## Goal of the exercise:
Begin at the line below that holds "At studere organisation" and end at the line that holds "Шорты Zaska! для", transcribing each line exactly and skipping any picture.

## Data extract:

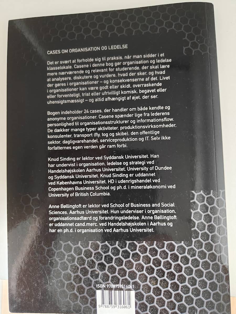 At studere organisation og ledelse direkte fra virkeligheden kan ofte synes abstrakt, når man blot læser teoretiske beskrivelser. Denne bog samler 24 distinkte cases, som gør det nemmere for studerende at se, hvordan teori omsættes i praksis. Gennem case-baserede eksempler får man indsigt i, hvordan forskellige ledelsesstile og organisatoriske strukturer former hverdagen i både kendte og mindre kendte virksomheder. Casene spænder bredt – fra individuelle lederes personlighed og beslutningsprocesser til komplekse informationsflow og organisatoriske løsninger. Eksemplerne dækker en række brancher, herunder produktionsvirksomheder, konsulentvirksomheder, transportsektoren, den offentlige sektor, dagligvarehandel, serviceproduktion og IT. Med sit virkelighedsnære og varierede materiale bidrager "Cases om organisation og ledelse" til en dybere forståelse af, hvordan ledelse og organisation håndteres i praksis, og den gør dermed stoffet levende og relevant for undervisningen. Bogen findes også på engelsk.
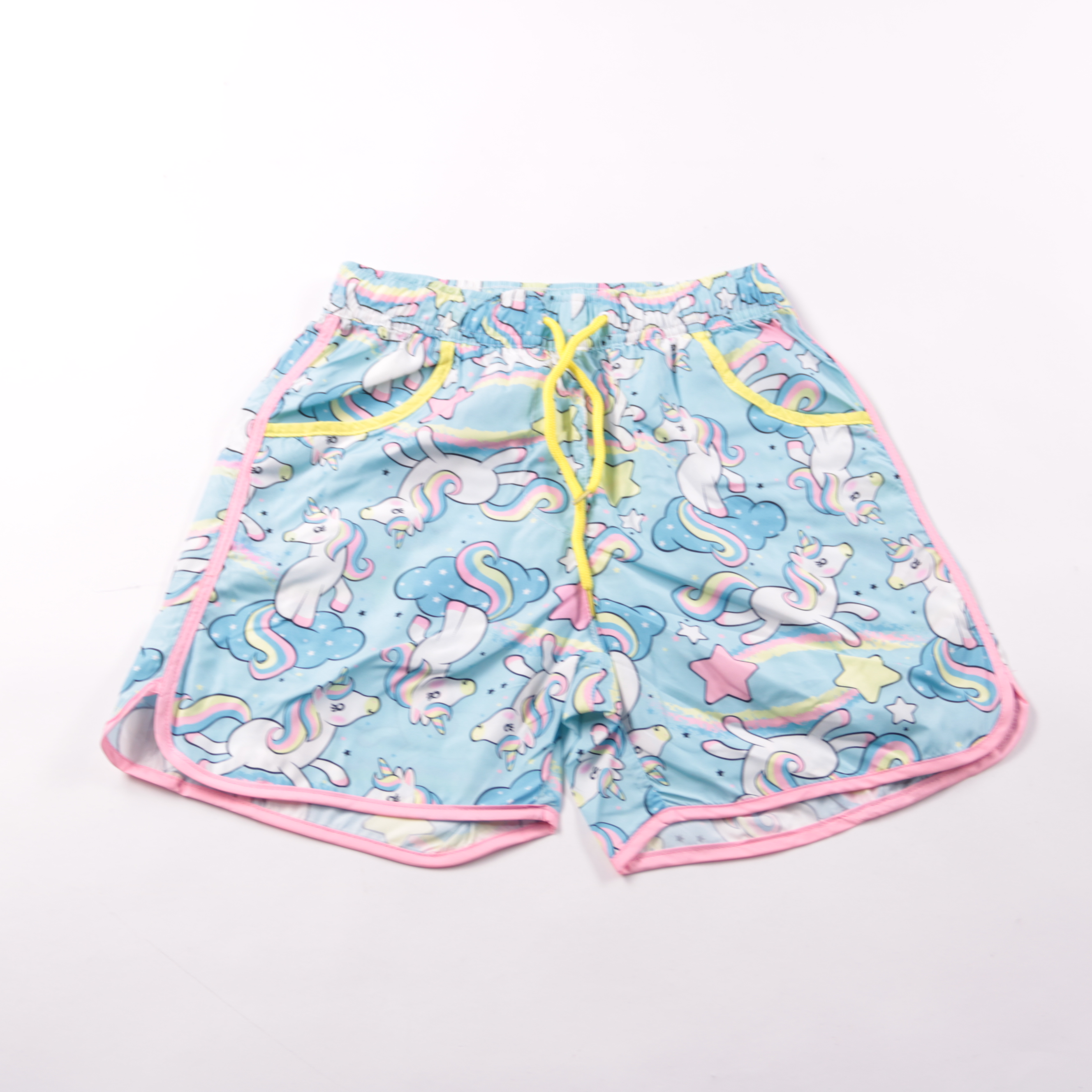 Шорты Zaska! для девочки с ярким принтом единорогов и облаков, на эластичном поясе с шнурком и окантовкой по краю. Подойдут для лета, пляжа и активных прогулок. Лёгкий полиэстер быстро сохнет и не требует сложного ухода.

--

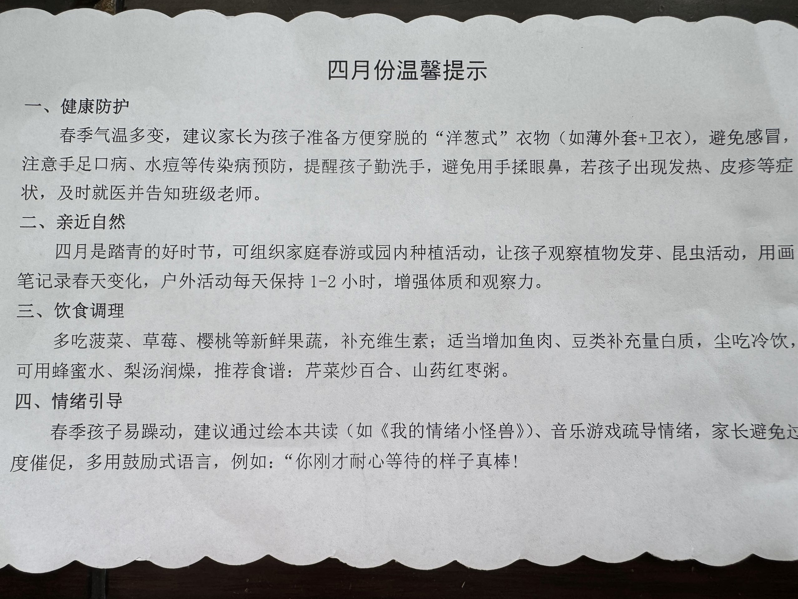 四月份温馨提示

## Answer section:
 At studere organisation og ledelse direkte fra virkeligheden kan ofte synes abstrakt, når man blot læser teoretiske beskrivelser. Denne bog samler 24 distinkte cases, som gør det nemmere for studerende at se, hvordan teori omsættes i praksis. Gennem case-baserede eksempler får man indsigt i, hvordan forskellige ledelsesstile og organisatoriske strukturer former hverdagen i både kendte og mindre kendte virksomheder. Casene spænder bredt – fra individuelle lederes personlighed og beslutningsprocesser til komplekse informationsflow og organisatoriske løsninger. Eksemplerne dækker en række brancher, herunder produktionsvirksomheder, konsulentvirksomheder, transportsektoren, den offentlige sektor, dagligvarehandel, serviceproduktion og IT. Med sit virkelighedsnære og varierede materiale bidrager "Cases om organisation og ledelse" til en dybere forståelse af, hvordan ledelse og organisation håndteres i praksis, og den gør dermed stoffet levende og relevant for undervisningen. Bogen findes også på engelsk.
 Шорты Zaska! для девочки с ярким принтом единорогов и облаков, на эластичном поясе с шнурком и окантовкой по краю. Подойдут для лета, пляжа и активных прогулок. Лёгкий полиэстер быстро сохнет и не требует сложного ухода.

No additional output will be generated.